Dataset items:
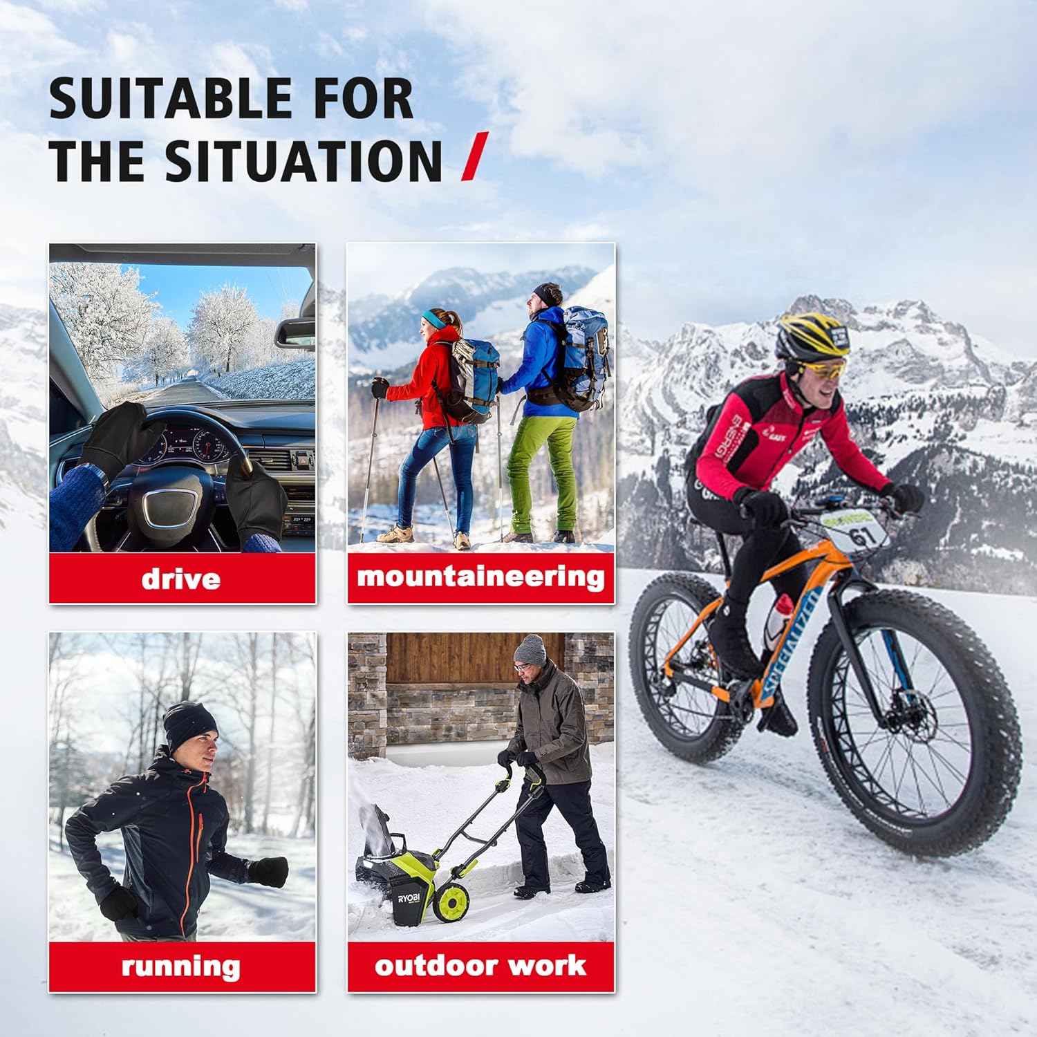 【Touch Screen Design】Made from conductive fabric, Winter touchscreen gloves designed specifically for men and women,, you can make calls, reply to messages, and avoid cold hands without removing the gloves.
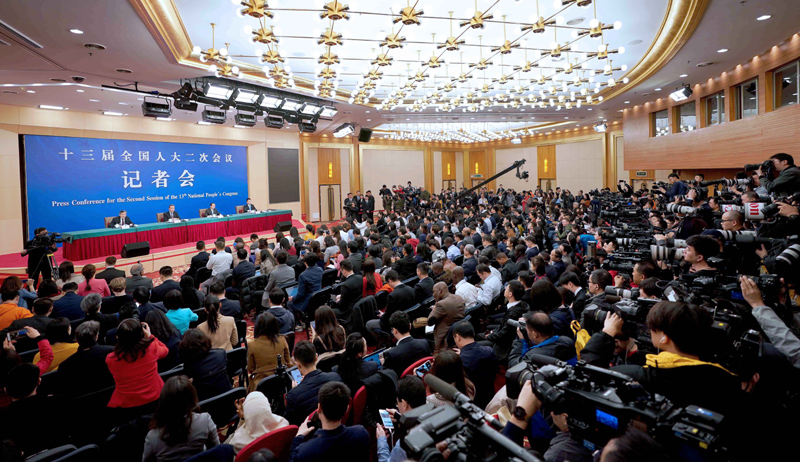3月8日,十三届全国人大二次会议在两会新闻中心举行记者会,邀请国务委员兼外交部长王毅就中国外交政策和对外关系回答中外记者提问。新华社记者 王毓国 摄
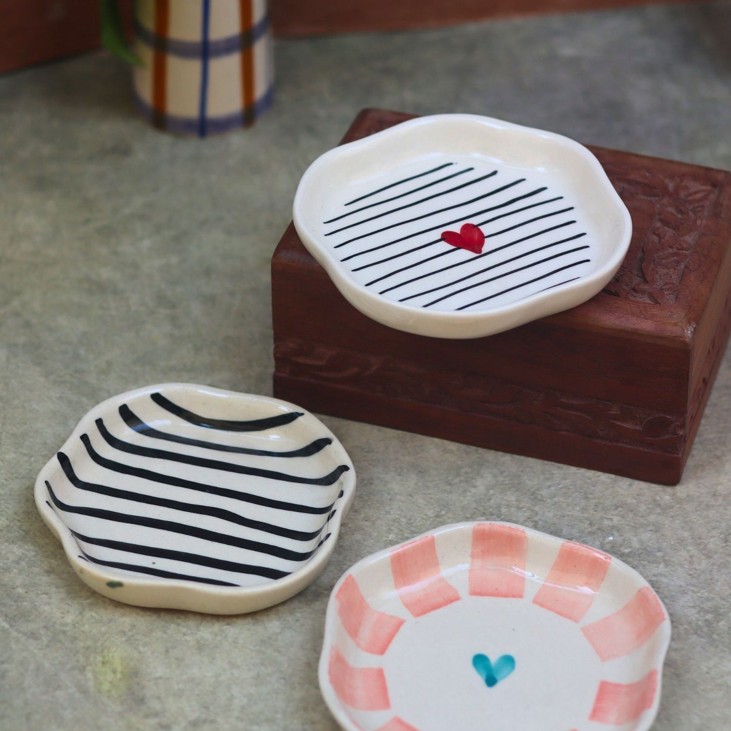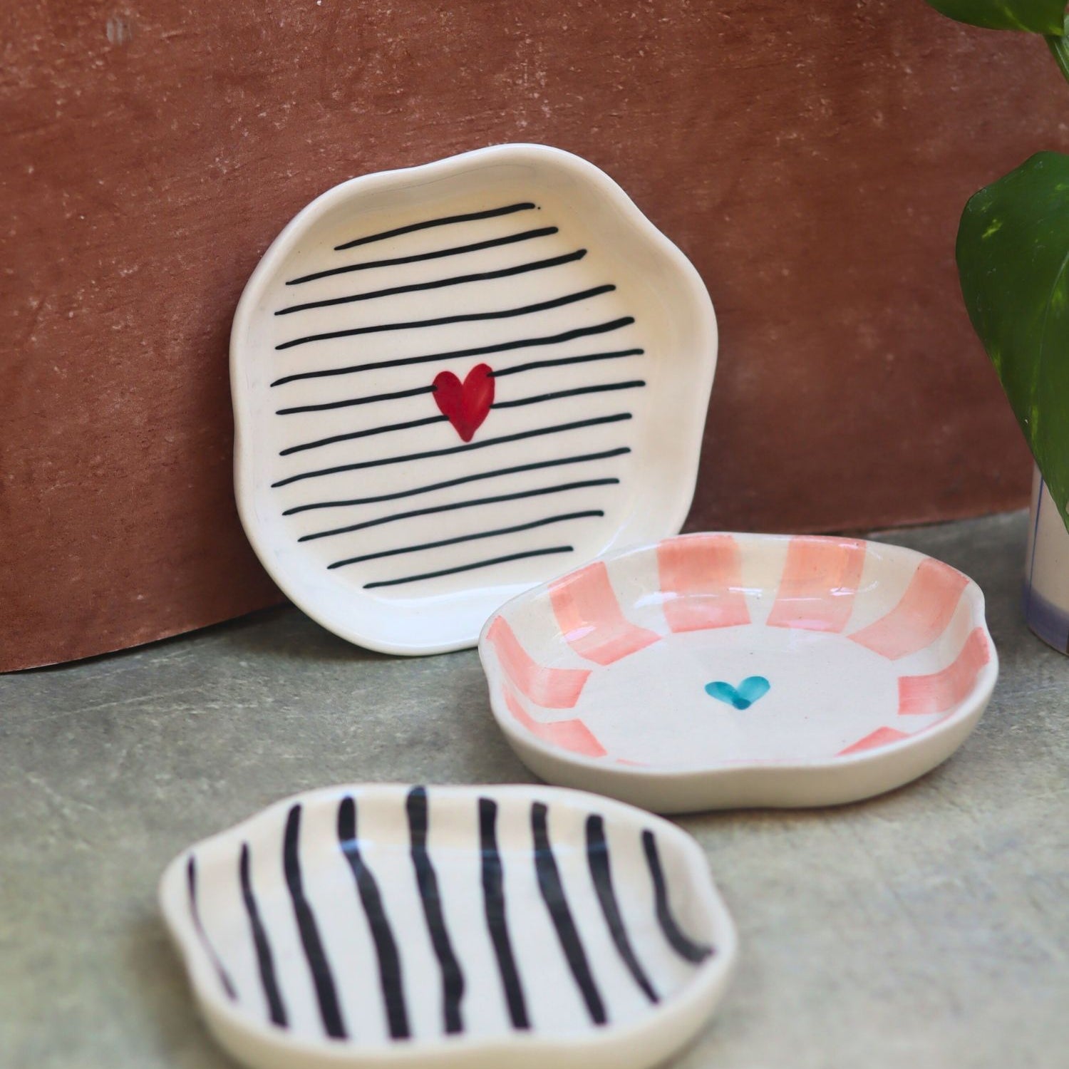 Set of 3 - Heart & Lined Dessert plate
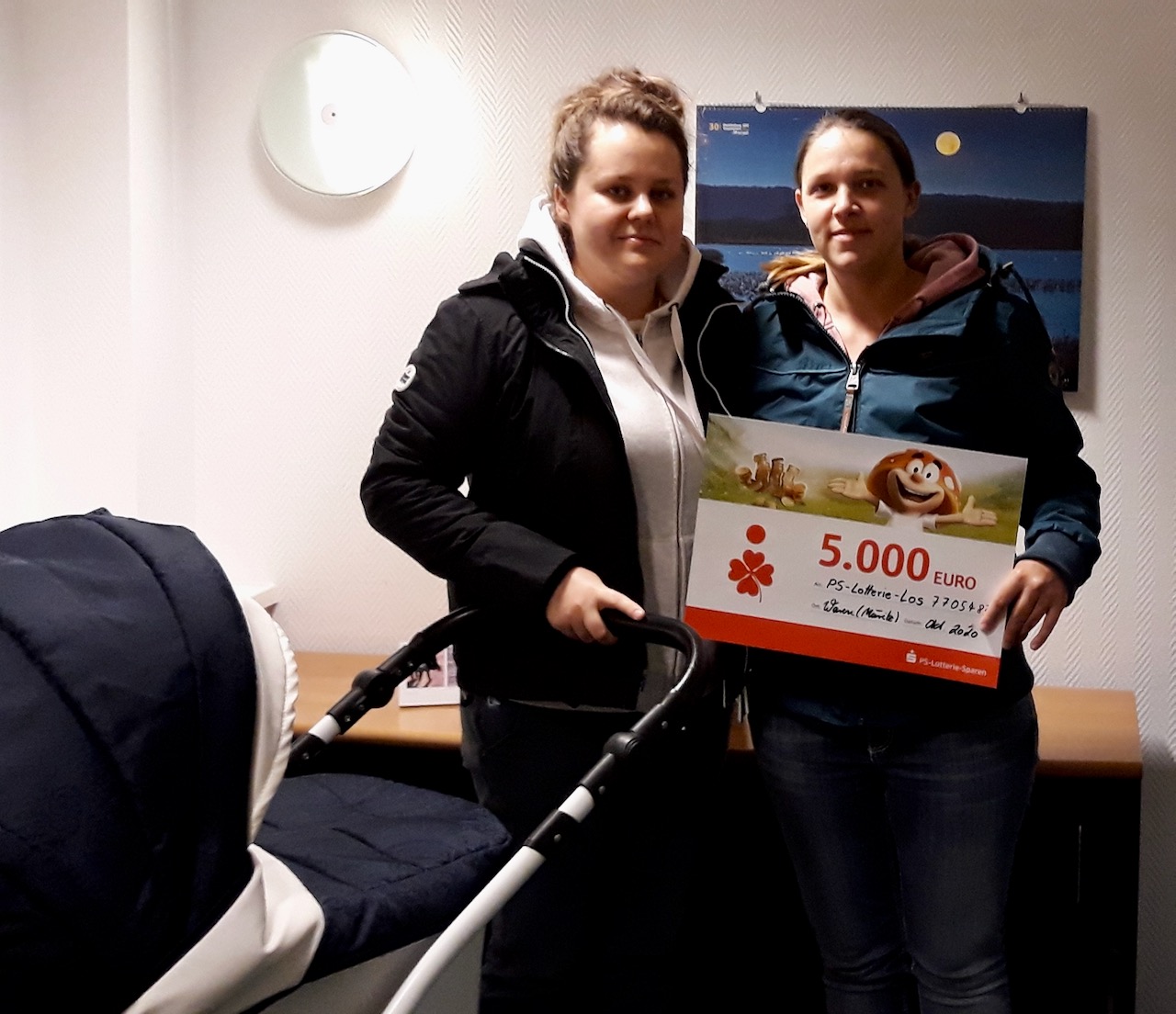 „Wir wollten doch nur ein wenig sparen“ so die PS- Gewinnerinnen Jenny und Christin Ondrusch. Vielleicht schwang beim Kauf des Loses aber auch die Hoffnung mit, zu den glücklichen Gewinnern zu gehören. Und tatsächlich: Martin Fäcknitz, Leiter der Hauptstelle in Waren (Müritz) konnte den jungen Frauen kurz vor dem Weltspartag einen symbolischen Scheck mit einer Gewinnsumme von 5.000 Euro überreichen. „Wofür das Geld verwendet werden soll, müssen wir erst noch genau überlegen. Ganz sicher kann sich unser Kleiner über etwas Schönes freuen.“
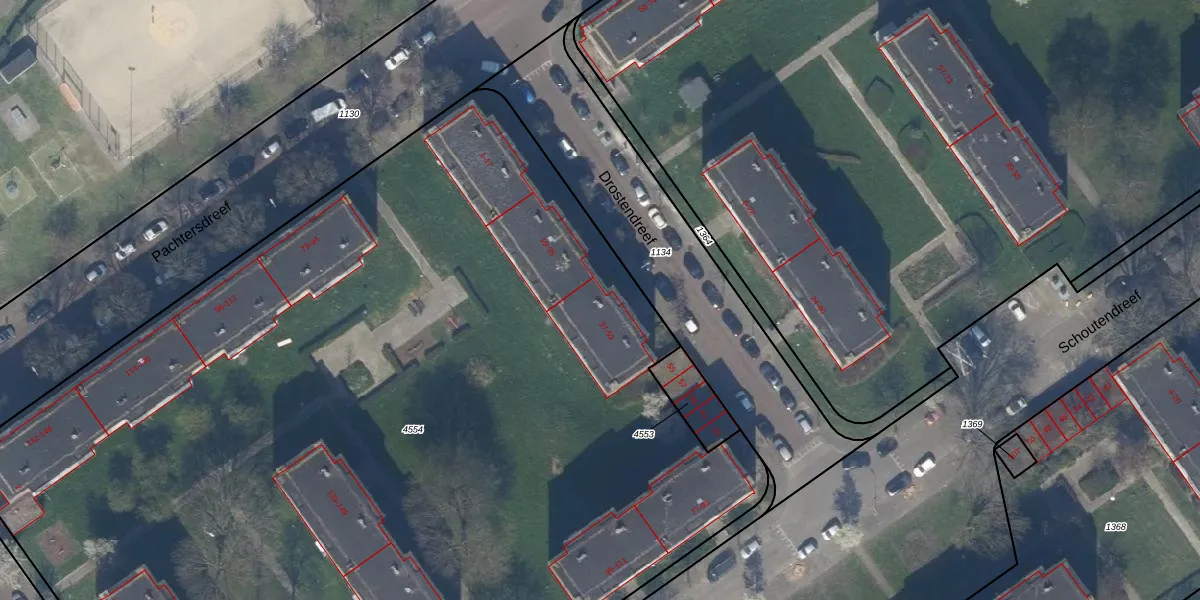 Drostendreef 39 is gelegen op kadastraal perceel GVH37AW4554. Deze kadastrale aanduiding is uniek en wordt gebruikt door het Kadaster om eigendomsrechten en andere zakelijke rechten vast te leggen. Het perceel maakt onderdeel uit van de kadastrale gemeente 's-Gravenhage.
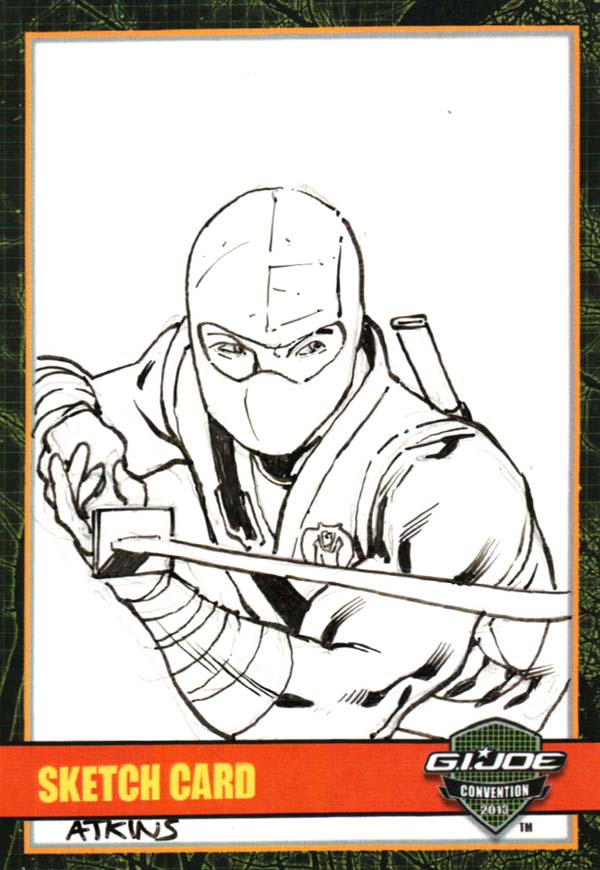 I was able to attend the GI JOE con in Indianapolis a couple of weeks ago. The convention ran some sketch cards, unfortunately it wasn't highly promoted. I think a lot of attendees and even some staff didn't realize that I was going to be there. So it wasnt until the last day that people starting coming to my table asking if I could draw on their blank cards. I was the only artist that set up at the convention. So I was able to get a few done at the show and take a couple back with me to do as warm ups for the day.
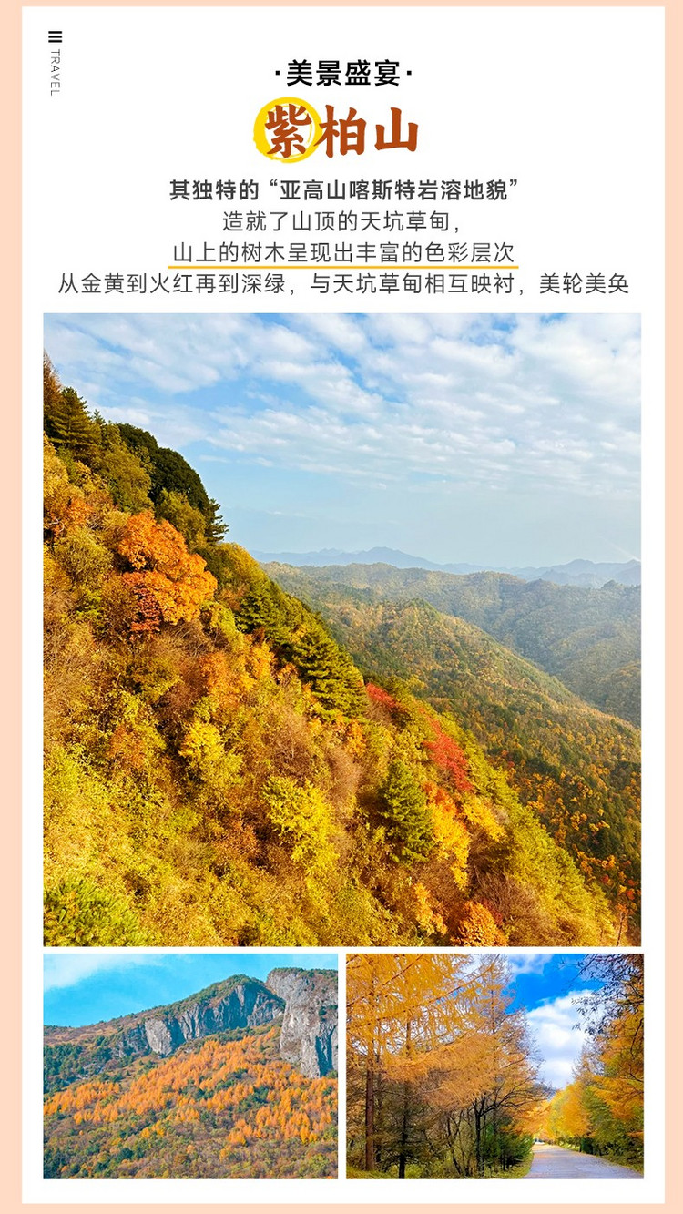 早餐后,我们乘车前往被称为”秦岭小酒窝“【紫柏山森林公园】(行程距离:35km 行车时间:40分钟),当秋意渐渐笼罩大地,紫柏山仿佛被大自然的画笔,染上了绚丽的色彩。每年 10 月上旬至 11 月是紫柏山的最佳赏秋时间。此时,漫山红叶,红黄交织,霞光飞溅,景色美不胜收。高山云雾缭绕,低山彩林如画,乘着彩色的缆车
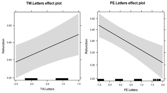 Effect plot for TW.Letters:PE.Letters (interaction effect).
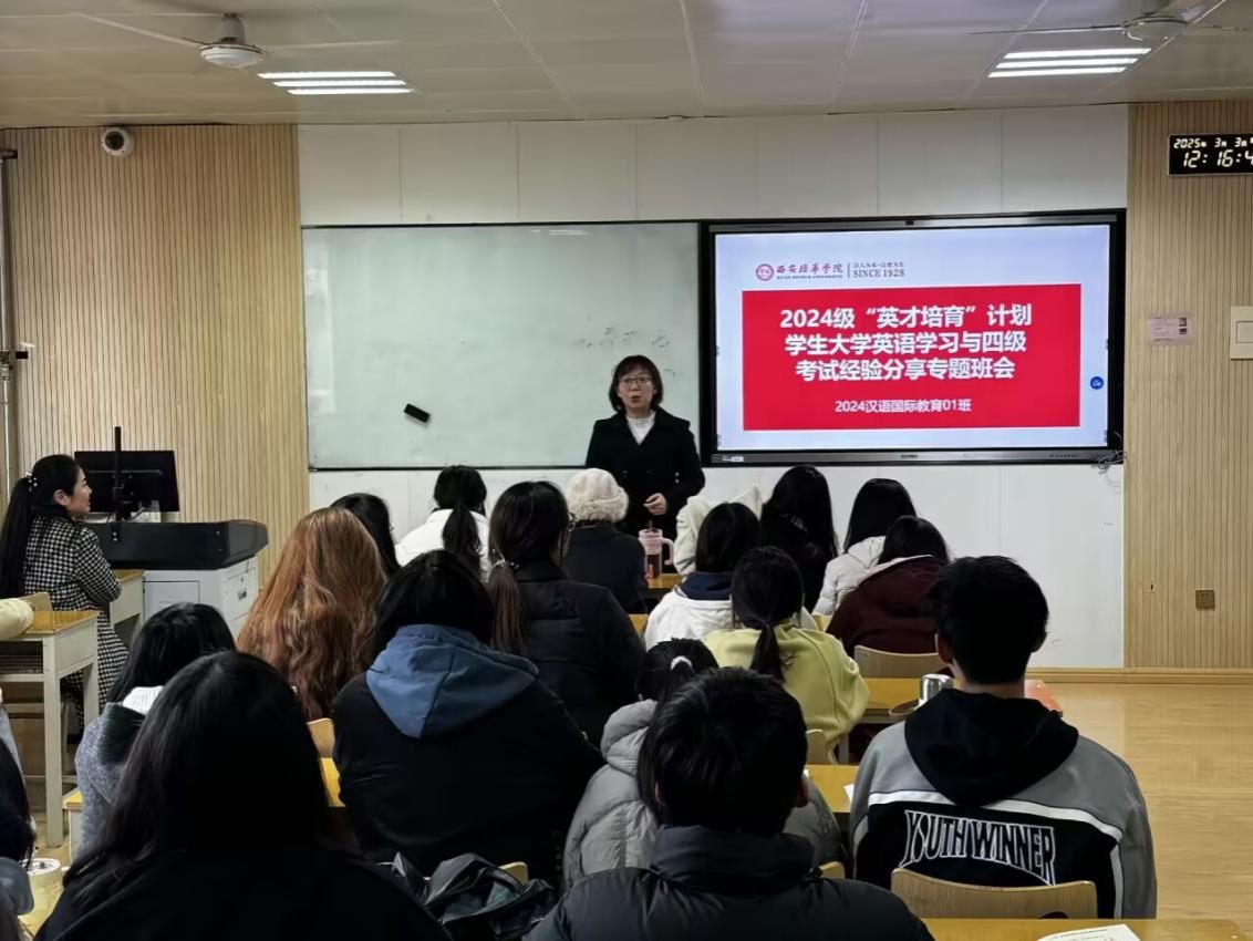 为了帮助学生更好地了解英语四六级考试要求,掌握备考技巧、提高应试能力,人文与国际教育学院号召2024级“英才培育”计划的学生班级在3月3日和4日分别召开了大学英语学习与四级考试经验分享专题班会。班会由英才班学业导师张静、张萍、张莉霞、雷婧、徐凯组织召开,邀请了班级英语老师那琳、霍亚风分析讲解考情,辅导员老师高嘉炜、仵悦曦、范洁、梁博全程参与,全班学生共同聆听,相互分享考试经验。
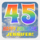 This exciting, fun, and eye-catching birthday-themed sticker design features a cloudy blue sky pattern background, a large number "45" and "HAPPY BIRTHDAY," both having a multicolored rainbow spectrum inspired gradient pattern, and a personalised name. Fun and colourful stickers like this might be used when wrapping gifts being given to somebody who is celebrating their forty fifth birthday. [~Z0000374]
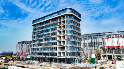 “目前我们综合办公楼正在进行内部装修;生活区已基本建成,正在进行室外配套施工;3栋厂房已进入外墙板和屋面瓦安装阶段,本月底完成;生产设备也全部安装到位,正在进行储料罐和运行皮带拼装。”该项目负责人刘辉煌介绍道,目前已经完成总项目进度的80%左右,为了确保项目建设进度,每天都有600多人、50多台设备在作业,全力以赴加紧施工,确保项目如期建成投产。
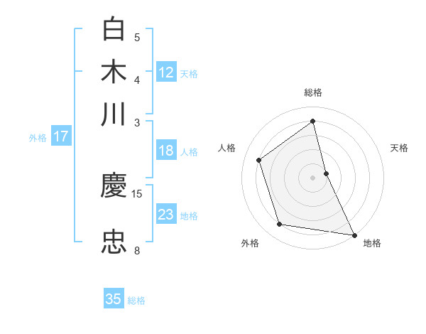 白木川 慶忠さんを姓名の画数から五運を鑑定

- EXERCISE PROMPT
The answer must be the lines above from the one containing "Effect plot for" through the one containing "为了帮助学生更好地了解英语四", reproduced exactly, with no pictures and nothing else.

- EXERCISE SOLUTION
 Effect plot for TW.Letters:PE.Letters (interaction effect).
 为了帮助学生更好地了解英语四六级考试要求,掌握备考技巧、提高应试能力,人文与国际教育学院号召2024级“英才培育”计划的学生班级在3月3日和4日分别召开了大学英语学习与四级考试经验分享专题班会。班会由英才班学业导师张静、张萍、张莉霞、雷婧、徐凯组织召开,邀请了班级英语老师那琳、霍亚风分析讲解考情,辅导员老师高嘉炜、仵悦曦、范洁、梁博全程参与,全班学生共同聆听,相互分享考试经验。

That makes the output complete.